Tout d'abord, la charte européenne de l'autonomie locale, comme tout accord international, est le fruit d'un compromis entre différentes traditions juridiques qui se traduit dans le vocabulaire utilisé. Le terme « autonomie » est associé dans notre langue - nous avons eu un débat sur ce point au sein de la commission des affaires étrangères - à la capacité de légiférer. Or la Charte ne prévoit rien de tel et définit ce terme comme « le droit et la capacité effective pour les collectivités territoriales de régler et de gérer dans le cadre de la loi une part importante des affaires publiques ». Il s'agit bien là de la libre administration des collectivités territoriales.
Ce délai exceptionnel s'explique également par l'avis négatif formulé par le Conseil d'État, saisi en 1991 par le gouvernement de Michel Rocard d'un premier projet de loi d'approbation. Plus que de difficultés juridiques, le Conseil d'État a argué de l'incompatibilité générale du texte avec la tradition institutionnelle de notre pays.
Plutôt que la marque d'un jacobinisme persistant qui serait démenti par les faits, il faut voir dans cet avis la manifestation d'une réticence profonde de notre pays à subir une influence extérieure en matière institutionnelle et administrative.
Si nous pouvons comprendre cette réticence, intimement liée à notre histoire, ne perdons cependant pas de vue les efforts considérables consentis par les nouvelles démocraties d'Europe centrale et orientale dans ces différents domaines, à une période où elles venaient à peine de recouvrer leur souveraineté.
La situation actuelle est d'autant plus paradoxale que notre pays participe activement à des programmes de renforcement des capacités institutionnelles dans ces États membres du Conseil de l'Europe, qui sont signataires de la Charte, même si leurs standards en matière de démocratie locale se situent de facto en deçà des exigences françaises.
L'absence de ratification française suscite alors l'incompréhension de nos partenaires.
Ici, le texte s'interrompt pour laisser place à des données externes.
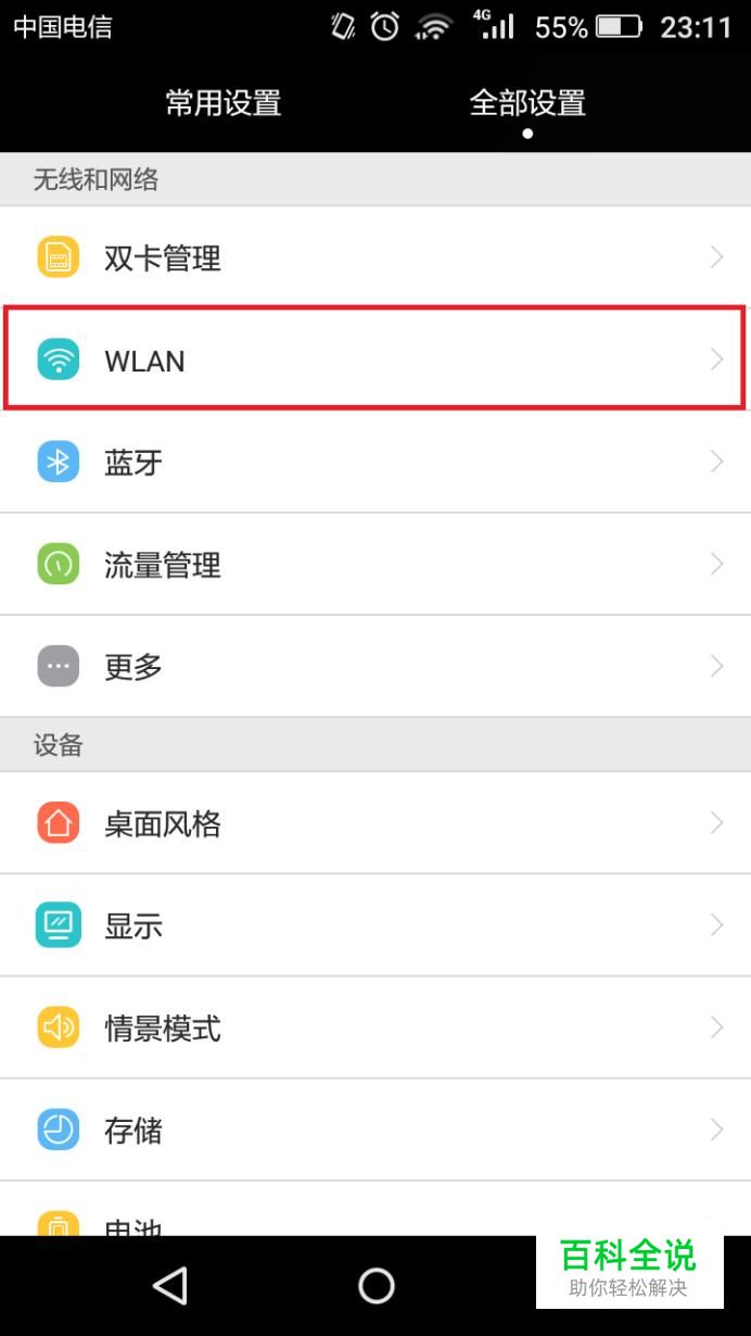 打开手机“设置”,选择“WLAN”。
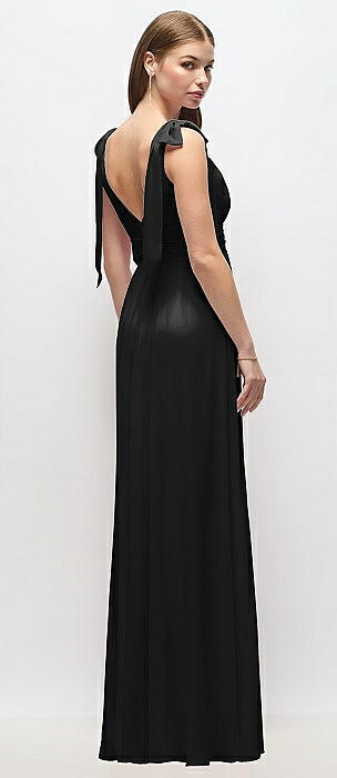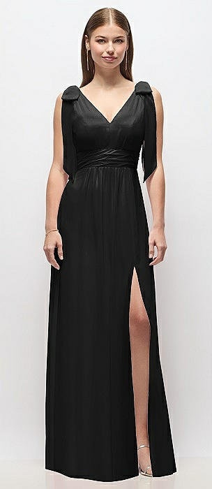 Plunge Neckline Bow Shoulder Empire Waist Chiffon Maxi Dress in black

Les sénateurs membres de la délégation française à l'assemblée parlementaire du Conseil de l'Europe - j'en suis - y sont directement confrontés ! La semaine prochaine, lorsqu'ils siégeront à Strasbourg, ils en entendront encore parler, car on sait que nous débattons de ce point aujourd'hui.
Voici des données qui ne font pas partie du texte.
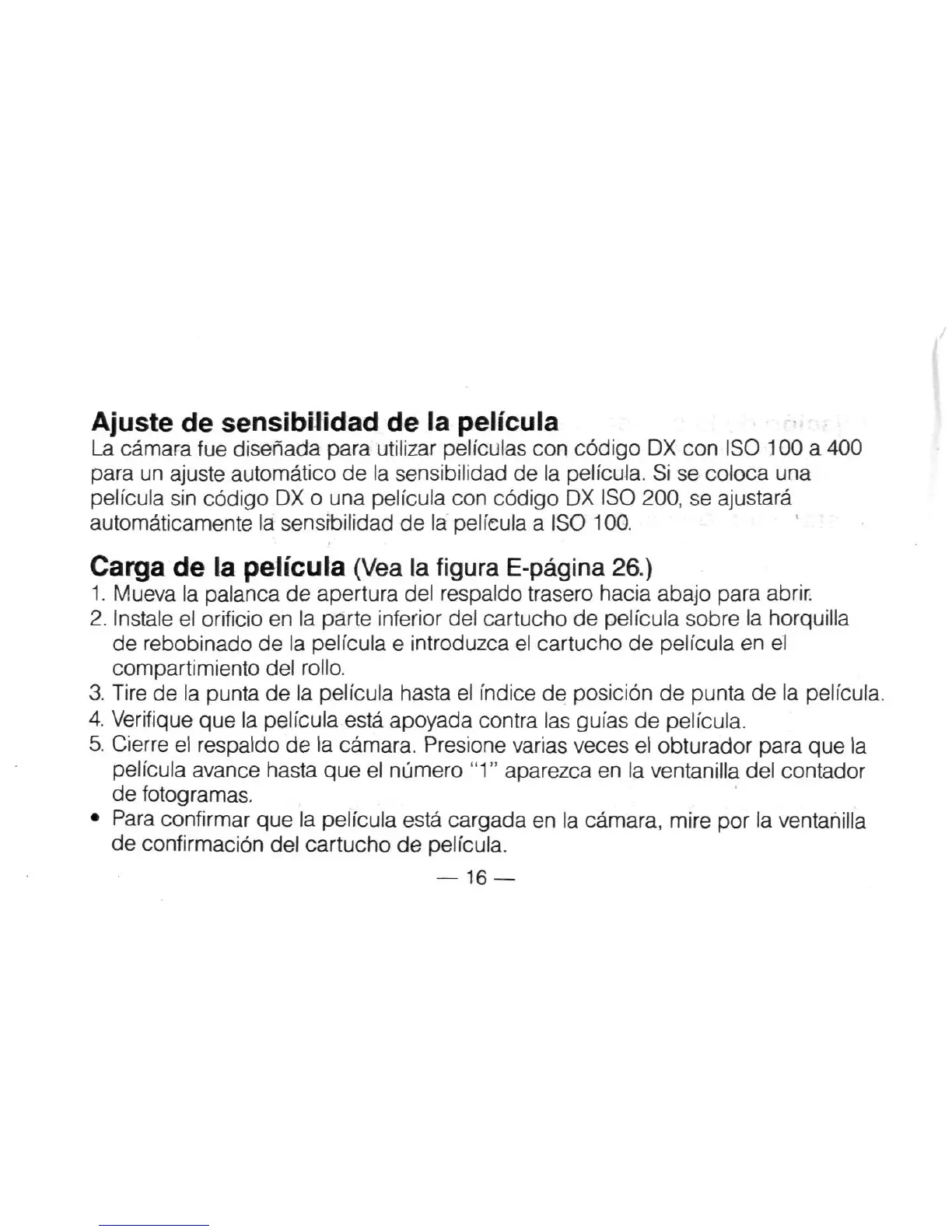Carga de la pelicula (Vea la figura E-pagina 26.)

La Haute Assemblée, à qui la Constitution confie la mission d'assurer la représentation des collectivités territoriales de la République, a pris clairement position en faveur de la ratification de ce texte par la voix de son président Christian Poncelet, à l'occasion de travaux tenus dans son enceinte en juin 2001 et consacrés à la décentralisation française vue d'Europe.